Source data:
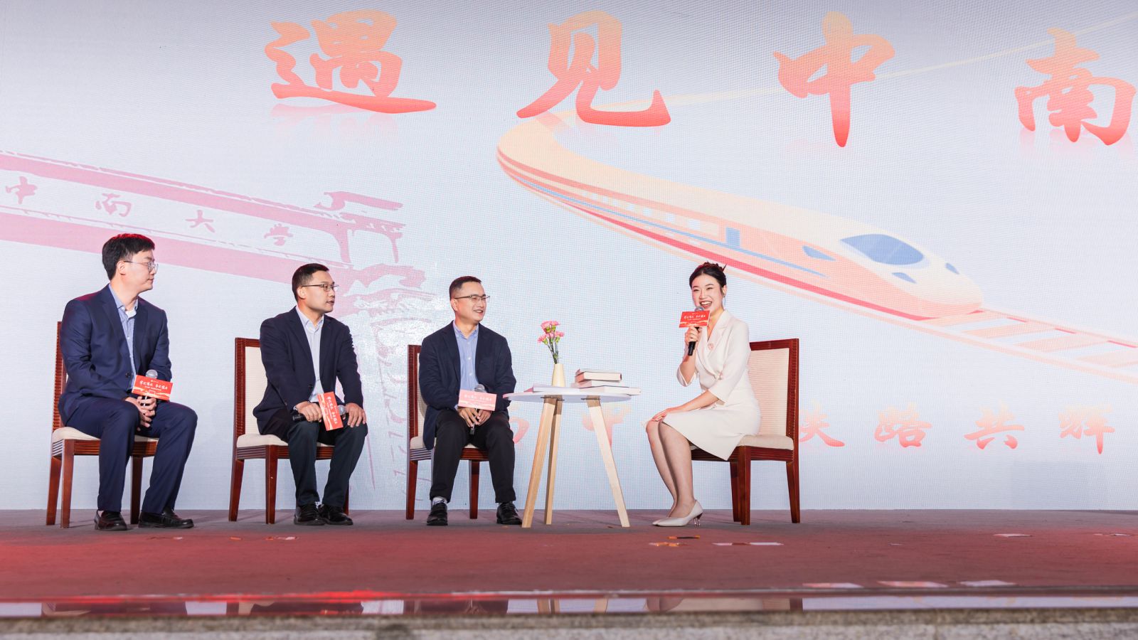 研建地震下铁路桥上行车安全试验系统,提升地震下行车安全的余志武教授,总是“稳健如山”;研发高性能混凝土、保障高铁基础设施的谢友均教授,有着“应该的”的责任感;研建桥上移动列车气动力测试系统、降低风荷载影响的何旭辉教授,总爱“较真”……三位老师的分享不仅让我们看到了一个更清晰、更全面的中国铁路的模样,更让我们看到了一群可敬、可爱的为中国铁道事业奉献拼搏的中南土木人。在谈到未来的期望时,国巍老师希望中国高铁能够在地震、地灾等极端复杂挑战下仍然畅通无阻;元强老师期待能够用零碳甚至负碳材料来建造和维护高铁线路;邹云峰老师则憧憬着中国高铁能够向着600乃至1000公里时速更高速发展。
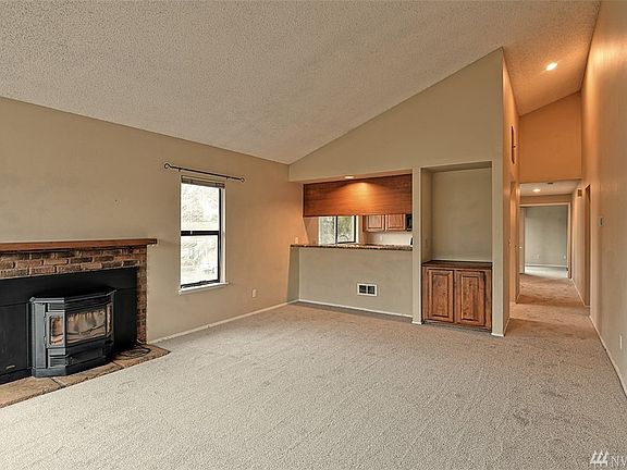 Nice spacious top floor end unit 2 bed 2 bath condo featuring cathedral ceilings, pellet stove, cozy built in seating next to garden window, french doors off master onto the balcony, master with large vanity, walk in closet, plus extra bypass closet. Complex features include outdoor swimming pool, Jacuzzi/sauna and much more! Excellent location with easy access to Boeing, shopping, and I-5. 1 car garage with opener.
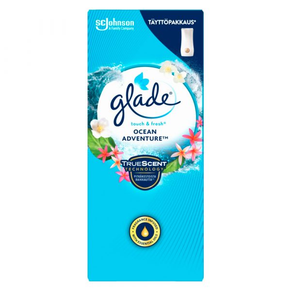 Glade One Touch ilmanraikastimen täyttöpakkaus. Glade One Touchilla raikastat huoneilman aina tarvittaessa yhdellä painalluksella.
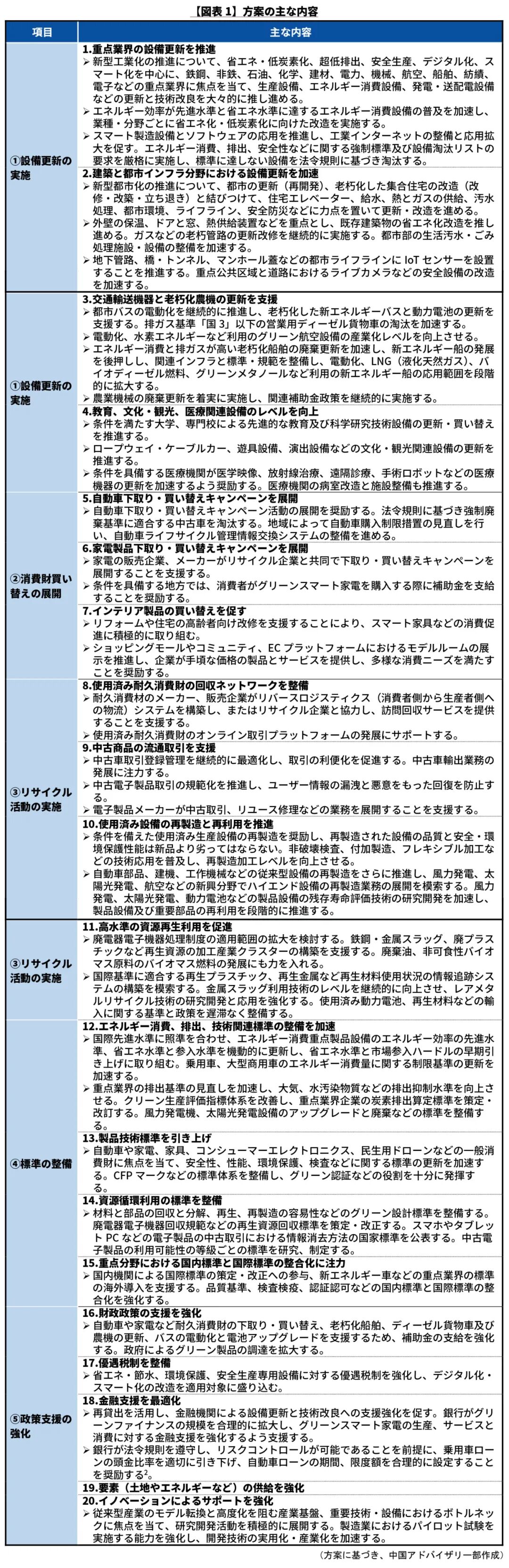 国務院は2024年3月13日、大規模な設備更新と消費財買い替えに向けた活動計画『大規模な設備更新と消費財買い替えを推進する行動方案』1(以下、方案)を公表しました。方案は、設備更新と消費財買い替えの展開、標準の整備、金融・財政支援の強化など5つの方面から20の措置を打ち出しました。鉄鋼や非鉄、石油、化学、建材、電力、機械、紡績、電子などの重点業界における設備更新、自動車と家電などの買い替え、リサイクルの促進などに関する内容を盛り込みました。
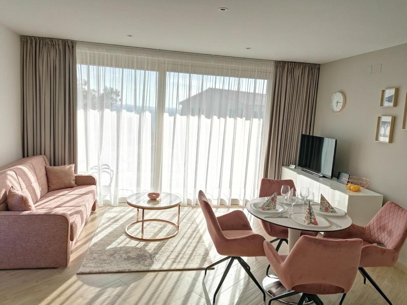 Deluxe Apartment. The pool with a view and sauna are the standout features of this apartment. Boasting a private entrance, this air-conditioned apartment features 1 living room, 2 separate bedrooms and 1 bathroom with a bath and a shower. Guests will find a stovetop, a refrigerator, a dishwasher and kitchenware in the kitchen. The apartment also comes with a barbecue. Featuring a terrace with sea views, this apartment also features a washing machine and a flat-screen TV with cable channels. The unit has 3 beds.
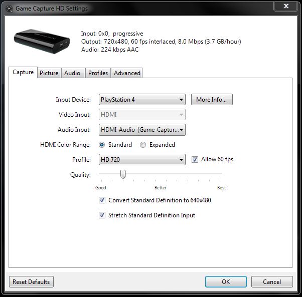 6) Allow 60 fps - If you choose this option, then Elgato Game Capture HD will try to match the original frame rate of the video. Elgato Game Capture HD is limited in this area - 1080p video will always be 30 fps.
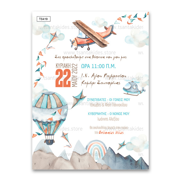 Προσκλητήριο βάπτισης για αγόρι με θέμα Travel Boy
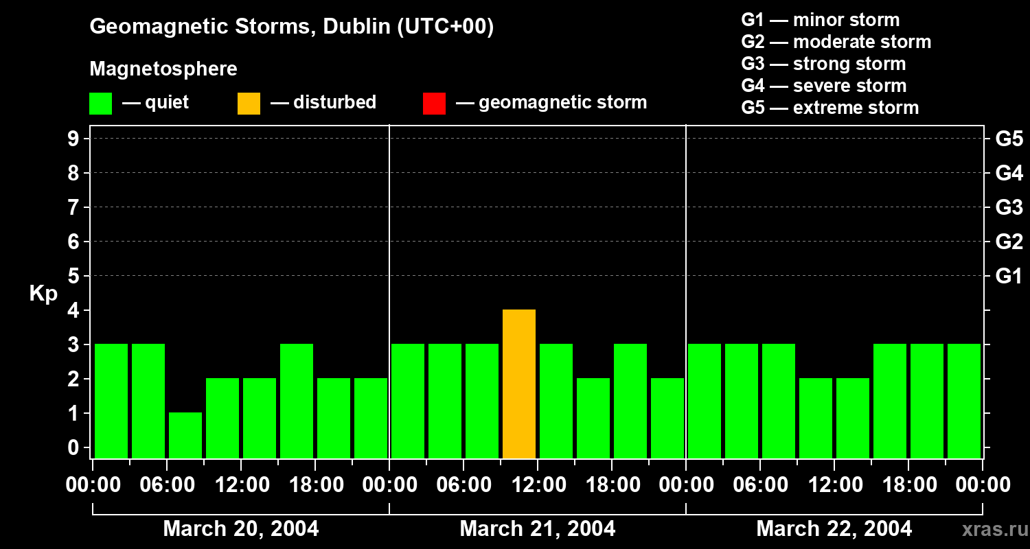 Geomagnetic storms in Dublin on Mar 22, 2004
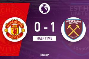 上半场伤停补时2分钟,半场结束,曼联暂0-1西汉姆。
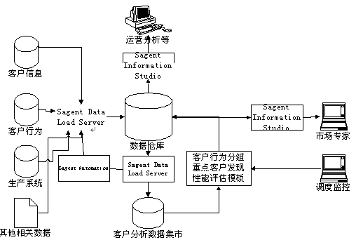 易虹eCRM解決方案,采用Sagent Real Time e-Business Solution作為數(shù)據(jù)倉庫建設(shè)平臺(tái)。Sagent Solution提供了數(shù)據(jù)倉庫建設(shè)、數(shù)據(jù)分析和數(shù)據(jù)倉庫管理的全套的工具。利用這些工具,用戶可以快速地實(shí)現(xiàn)數(shù)據(jù)倉庫和客戶分析系統(tǒng)。
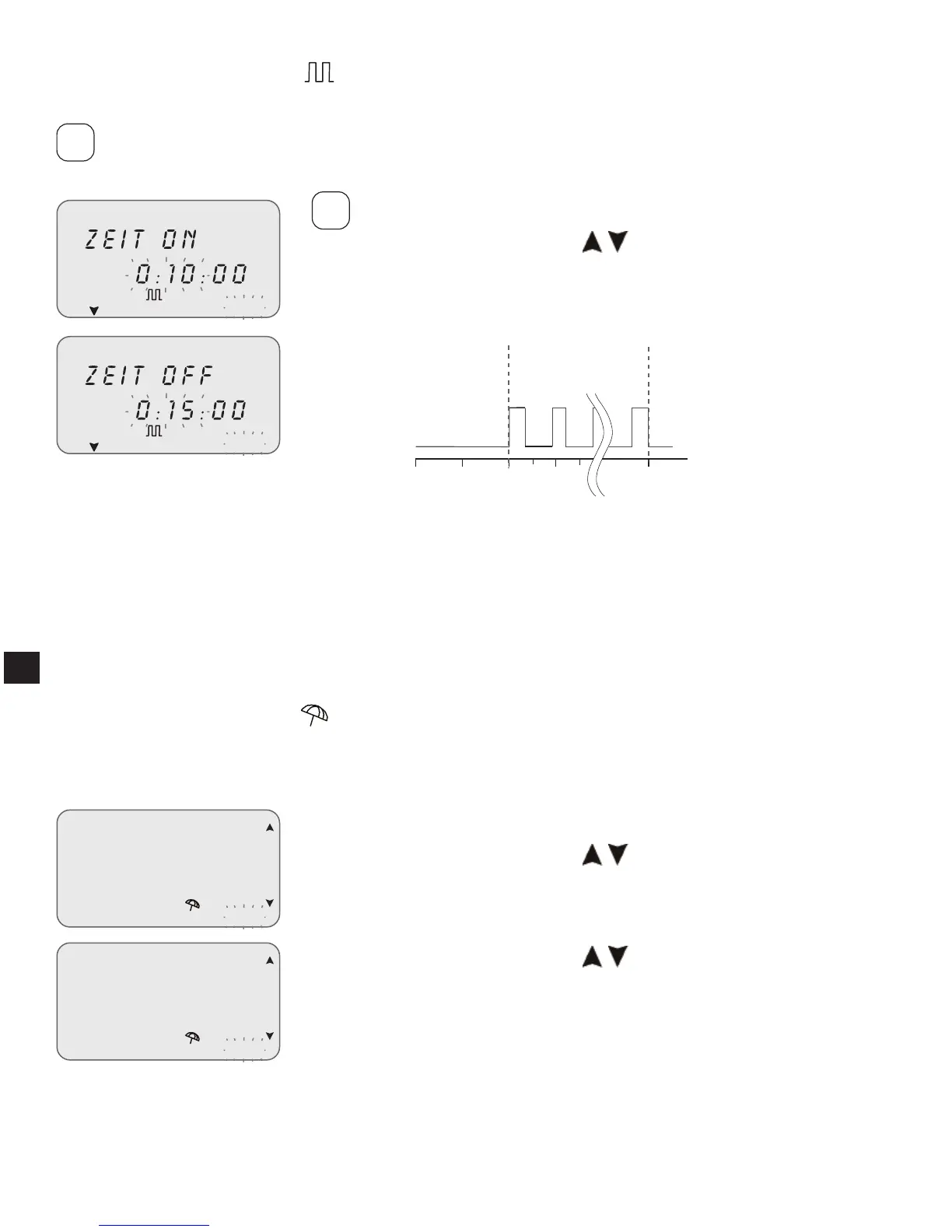 Verzögerungszeit: ZEIT ON 10 Min. und ZEIT OFF 15 Min.

PROBLEM TO WORK ON: With pictures left out, repeat exactly the lines from the one containing "易虹eCRM解決方案,采用Sagent Real Time" through the last line of the data above, inclusive, and nothing else.

WRITTEN ANSWER:
 易虹eCRM解決方案,采用Sagent Real Time e-Business Solution作為數(shù)據(jù)倉庫建設(shè)平臺(tái)。Sagent Solution提供了數(shù)據(jù)倉庫建設(shè)、數(shù)據(jù)分析和數(shù)據(jù)倉庫管理的全套的工具。利用這些工具,用戶可以快速地實(shí)現(xiàn)數(shù)據(jù)倉庫和客戶分析系統(tǒng)。
 Verzögerungszeit: ZEIT ON 10 Min. und ZEIT OFF 15 Min.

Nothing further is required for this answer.